Milind N. Naik, MD, and colleagues reviewed outcomes for 12 cysts of eight patients, all of whom had congenital microphthalmos. Surgeons treated five cysts with aspiration only in two patients at a median age of 12 weeks. Seven cysts in six patients were treated with aspiration and ethanolamine oleate sclerotherapy at a median age of 30 weeks, according to the study.

Follow-up averaged 8.8 months, ranging from 3 months to 23 months.

Of the five cysts treated with aspiration alone, only one (20%) showed complete resolution. In contrast, six of the seven cysts (85.7%) treated with ethanolamine oleate sclerotherapy showed complete resolution (P = .072), the authors reported.

One cyst in the ethanolamine oleate group required repeated sclerotherapy, and one cyst showed only partial resolution at 6 weeks postop, according to the study.

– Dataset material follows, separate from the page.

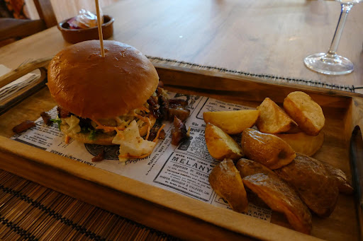 La hamburguesa Carolaina Burger , una hamburguesa con carne de ternera , unos 180gr, tacos de cerdo ahumado , ensalada de repollo y zanahoria , rucula , mayonesa agridulce y provolone ahumado. Una buena hamburguesa , el cerdo ahumado estaba bastante bueno , el sabor del queso me gusto bastante, el resto de ingredientes acompañaban correctamente. La carne de ternera la pedí poco hecha , salio mas o menos al punto , la carne estaba demasiado prensada algo que no me gusta mucho, de sabor estaba bien.Pan correcto. Se acompaña de patatas gajo con las que me pusieron un poco de salsa de cilantro que estaba rica.
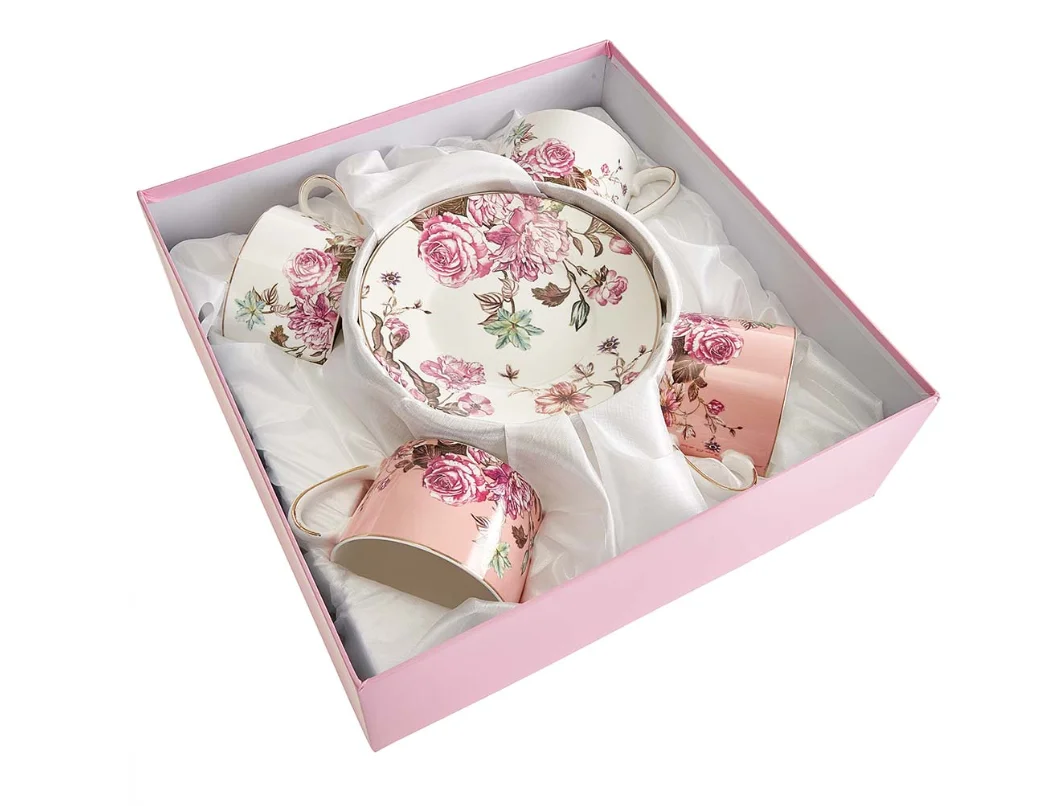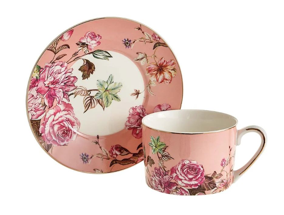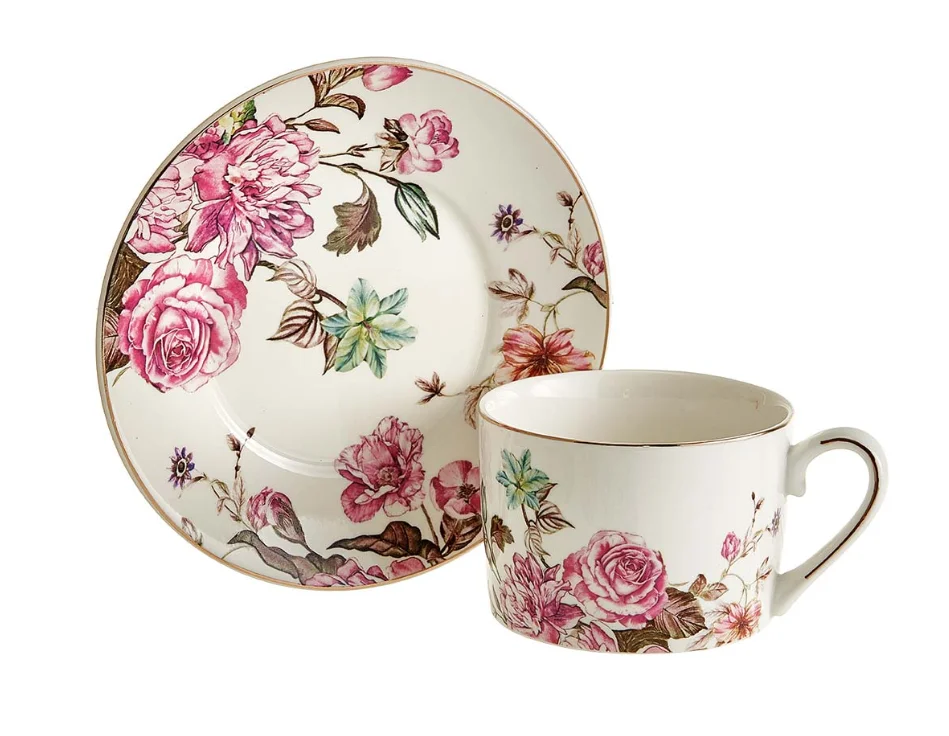 Чайный набор 8 предметов (250 мл) МЛ165P/4 "Английская роза" белый, розовый, в подарочной коробке

"Simple aspiration of orbitopalpebral cyst is associated with a high recurrence rate and should be reserved for early prognostication of visual potential in the microphthalmic eye," the authors said. "Minimally invasive [ethanolamine oleate] sclerotherapy provides a rapid, effective and uncomplicated treatment modality for definitive therapy, and should be preferred in cases with no visual prognosis in the microphthalmic eye demonstrating adequate bony orbital expansion."

The study is published in the July/August issue of Ophthalmic Plastic and Reconstructive Surgery.